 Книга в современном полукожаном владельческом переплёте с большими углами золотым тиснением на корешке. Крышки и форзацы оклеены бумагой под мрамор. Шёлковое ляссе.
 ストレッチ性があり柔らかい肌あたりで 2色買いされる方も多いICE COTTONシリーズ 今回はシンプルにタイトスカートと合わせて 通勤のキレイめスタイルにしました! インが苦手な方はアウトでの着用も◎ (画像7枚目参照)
..........
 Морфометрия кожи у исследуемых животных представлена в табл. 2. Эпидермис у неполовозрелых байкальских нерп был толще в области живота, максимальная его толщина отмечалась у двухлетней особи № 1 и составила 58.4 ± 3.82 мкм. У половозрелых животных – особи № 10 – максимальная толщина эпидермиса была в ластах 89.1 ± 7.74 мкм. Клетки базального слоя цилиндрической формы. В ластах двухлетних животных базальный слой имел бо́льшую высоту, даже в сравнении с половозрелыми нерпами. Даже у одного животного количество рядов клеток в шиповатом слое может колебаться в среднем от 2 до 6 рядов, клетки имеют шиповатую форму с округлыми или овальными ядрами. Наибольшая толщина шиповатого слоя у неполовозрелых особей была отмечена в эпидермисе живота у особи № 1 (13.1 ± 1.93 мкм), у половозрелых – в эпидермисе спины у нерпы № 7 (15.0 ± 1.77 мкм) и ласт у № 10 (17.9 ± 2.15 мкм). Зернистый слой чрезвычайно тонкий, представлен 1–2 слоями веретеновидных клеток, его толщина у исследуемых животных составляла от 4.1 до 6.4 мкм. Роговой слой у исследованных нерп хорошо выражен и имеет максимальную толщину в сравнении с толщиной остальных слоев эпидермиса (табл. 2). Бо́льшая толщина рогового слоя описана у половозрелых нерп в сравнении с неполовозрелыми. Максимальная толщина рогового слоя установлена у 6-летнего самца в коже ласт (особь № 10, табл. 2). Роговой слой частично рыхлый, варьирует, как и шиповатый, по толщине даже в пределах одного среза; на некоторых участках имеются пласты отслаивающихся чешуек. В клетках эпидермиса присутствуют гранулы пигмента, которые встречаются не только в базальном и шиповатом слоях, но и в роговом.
..........
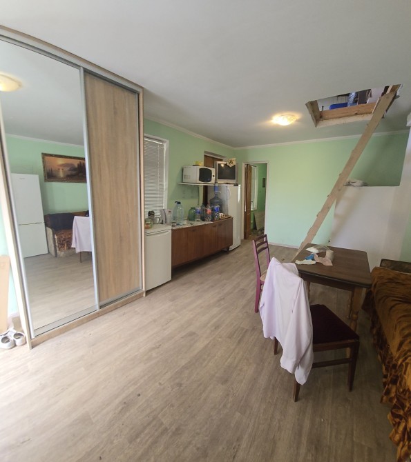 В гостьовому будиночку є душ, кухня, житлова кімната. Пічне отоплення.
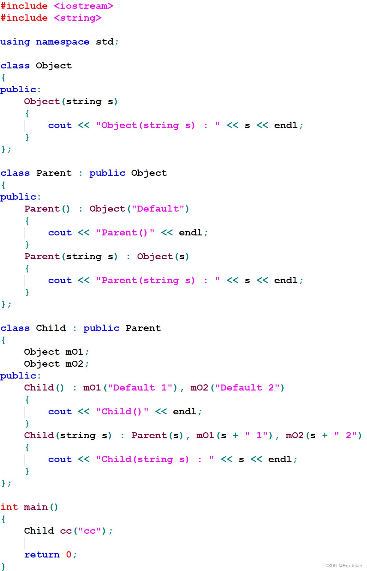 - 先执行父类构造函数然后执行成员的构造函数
..........
### AIM OF THE TASK
Take the stretch of lines above from the one containing "Книга в современном" through the one containing "ストレッチ性があり柔らかい肌あたりで 2色買いされる方も多いICE COTTONシリーズ" and repeat it exactly, adding no other line.

### ANSWER AREA
 Книга в современном полукожаном владельческом переплёте с большими углами золотым тиснением на корешке. Крышки и форзацы оклеены бумагой под мрамор. Шёлковое ляссе.
 ストレッチ性があり柔らかい肌あたりで 2色買いされる方も多いICE COTTONシリーズ 今回はシンプルにタイトスカートと合わせて 通勤のキレイめスタイルにしました! インが苦手な方はアウトでの着用も◎ (画像7枚目参照)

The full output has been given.